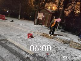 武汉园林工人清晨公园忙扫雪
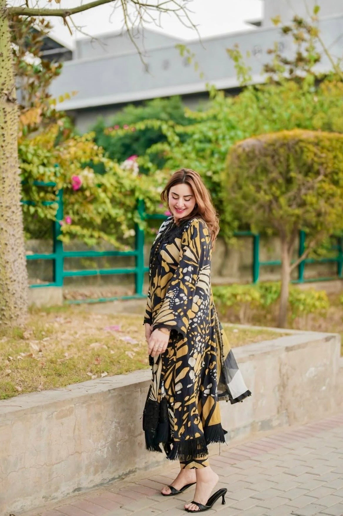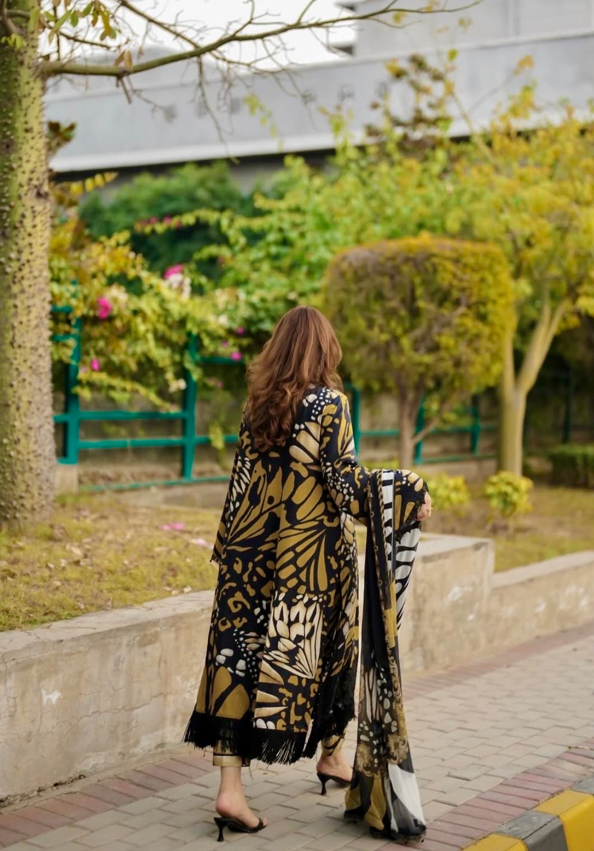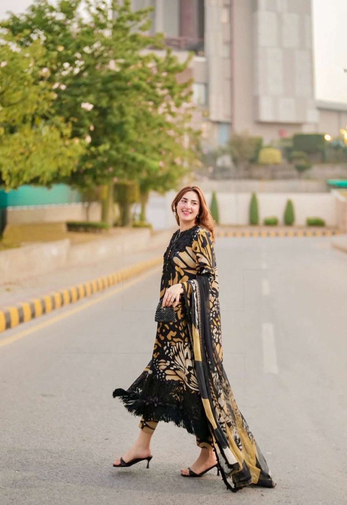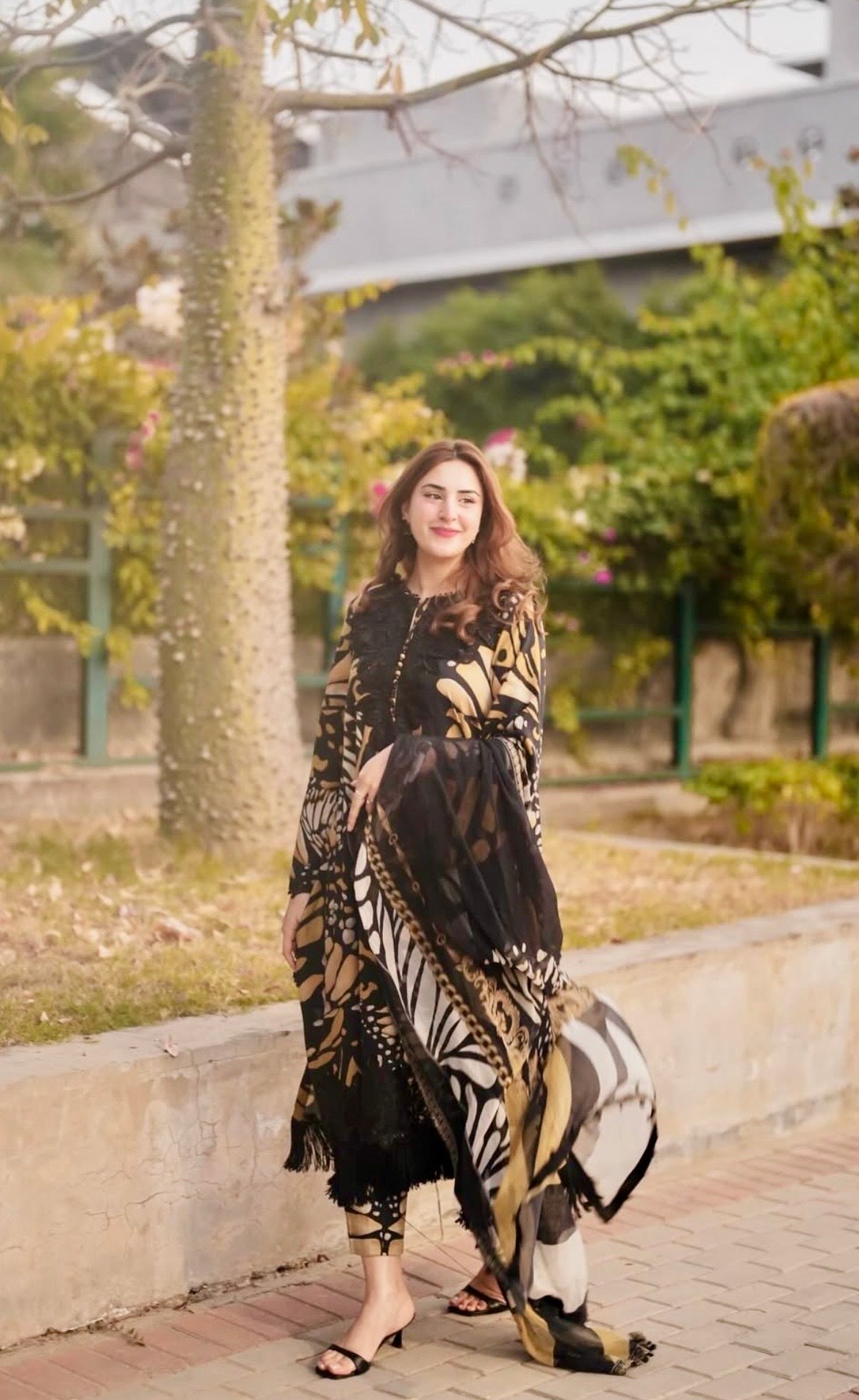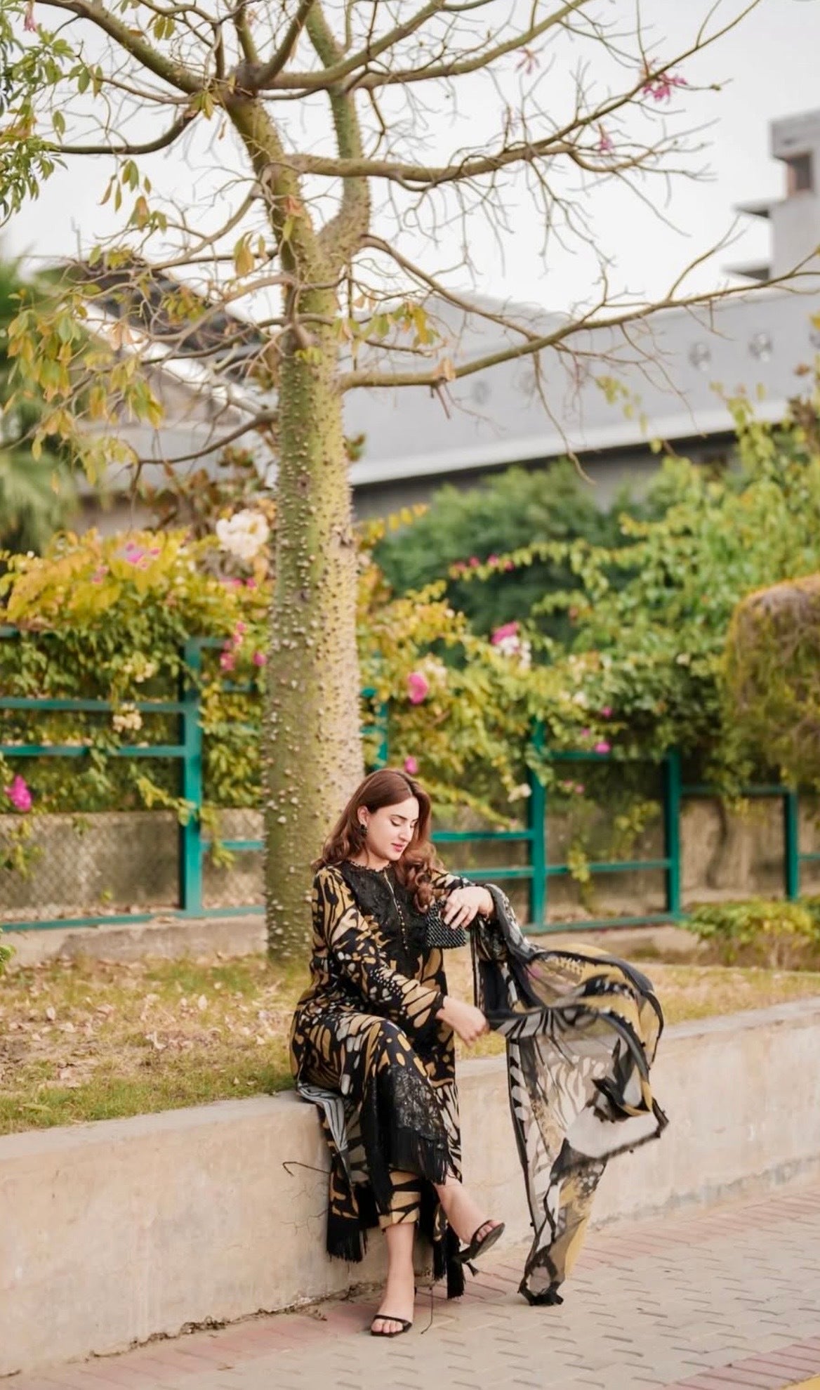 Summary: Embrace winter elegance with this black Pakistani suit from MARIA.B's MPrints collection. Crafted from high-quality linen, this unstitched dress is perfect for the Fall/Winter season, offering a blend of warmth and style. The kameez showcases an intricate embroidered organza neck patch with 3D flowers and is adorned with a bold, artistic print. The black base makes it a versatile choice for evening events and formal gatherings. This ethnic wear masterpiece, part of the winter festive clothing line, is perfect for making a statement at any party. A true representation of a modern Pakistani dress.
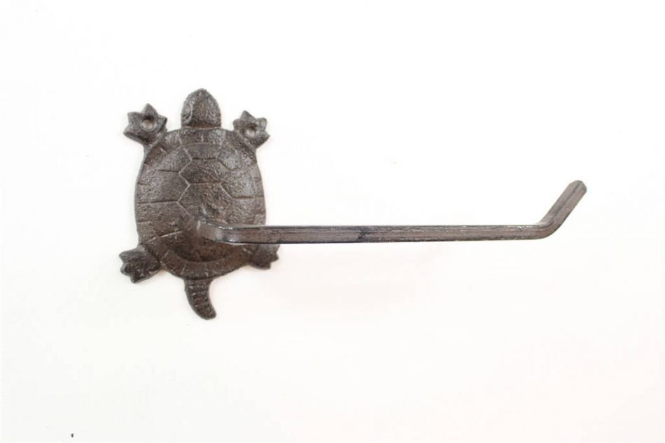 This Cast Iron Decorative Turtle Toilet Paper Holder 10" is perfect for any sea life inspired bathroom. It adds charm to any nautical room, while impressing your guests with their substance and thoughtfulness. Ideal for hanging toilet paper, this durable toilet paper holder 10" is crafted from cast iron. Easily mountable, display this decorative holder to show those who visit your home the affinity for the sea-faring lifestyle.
...
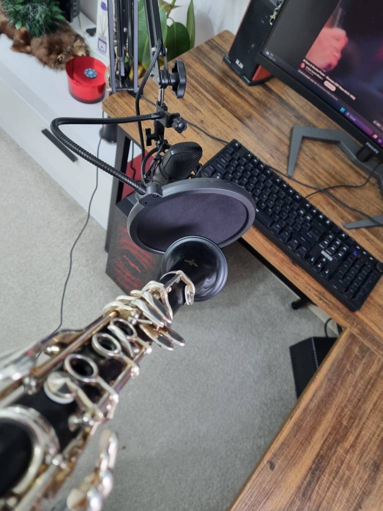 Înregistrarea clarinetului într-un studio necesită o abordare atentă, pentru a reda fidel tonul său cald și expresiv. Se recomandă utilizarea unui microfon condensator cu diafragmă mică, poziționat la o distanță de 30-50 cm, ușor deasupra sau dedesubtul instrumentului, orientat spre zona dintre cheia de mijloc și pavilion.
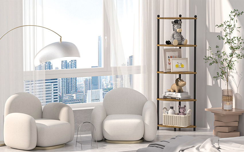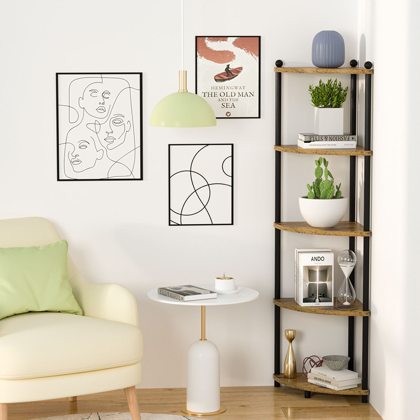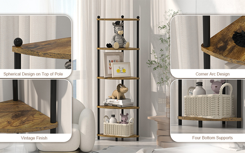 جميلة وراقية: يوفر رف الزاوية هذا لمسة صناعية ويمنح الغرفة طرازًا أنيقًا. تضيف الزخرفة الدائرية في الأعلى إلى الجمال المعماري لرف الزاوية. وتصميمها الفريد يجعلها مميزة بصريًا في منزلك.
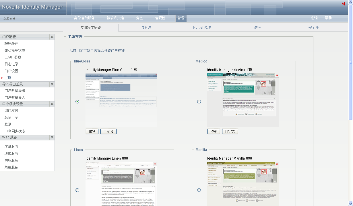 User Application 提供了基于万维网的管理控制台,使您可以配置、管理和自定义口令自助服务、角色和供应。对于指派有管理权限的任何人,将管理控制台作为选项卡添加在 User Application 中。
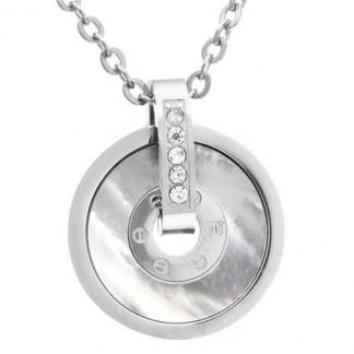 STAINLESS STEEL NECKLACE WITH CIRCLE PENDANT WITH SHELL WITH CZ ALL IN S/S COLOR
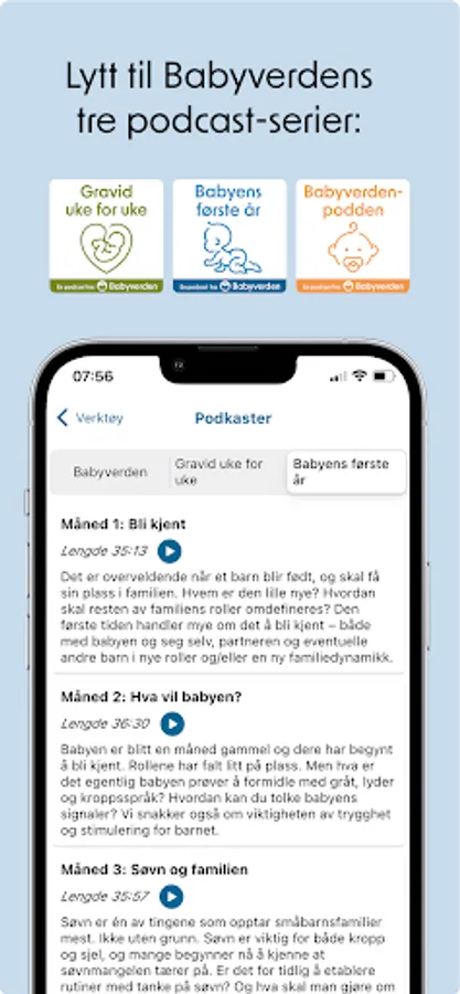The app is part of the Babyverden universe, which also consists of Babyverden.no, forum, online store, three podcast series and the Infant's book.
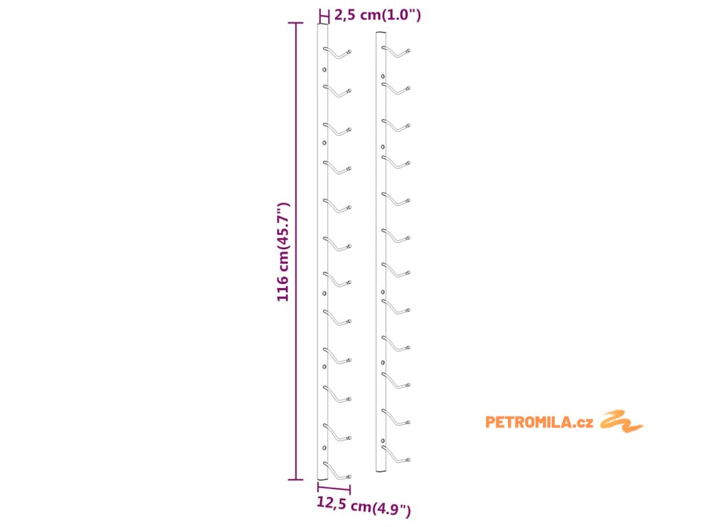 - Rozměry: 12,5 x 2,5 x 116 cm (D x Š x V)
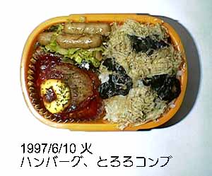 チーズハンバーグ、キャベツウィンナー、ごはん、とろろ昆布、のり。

● **Task objective**
Without the pictures, set down the lines above from the line with "武汉园林工人清晨公园忙扫雪" up to and including the line with "Summary: Embrace winter" exactly as they stand.

● **Answer to this exercise**
 武汉园林工人清晨公园忙扫雪
 Summary: Embrace winter elegance with this black Pakistani suit from MARIA.B's MPrints collection. Crafted from high-quality linen, this unstitched dress is perfect for the Fall/Winter season, offering a blend of warmth and style. The kameez showcases an intricate embroidered organza neck patch with 3D flowers and is adorned with a bold, artistic print. The black base makes it a versatile choice for evening events and formal gatherings. This ethnic wear masterpiece, part of the winter festive clothing line, is perfect for making a statement at any party. A true representation of a modern Pakistani dress.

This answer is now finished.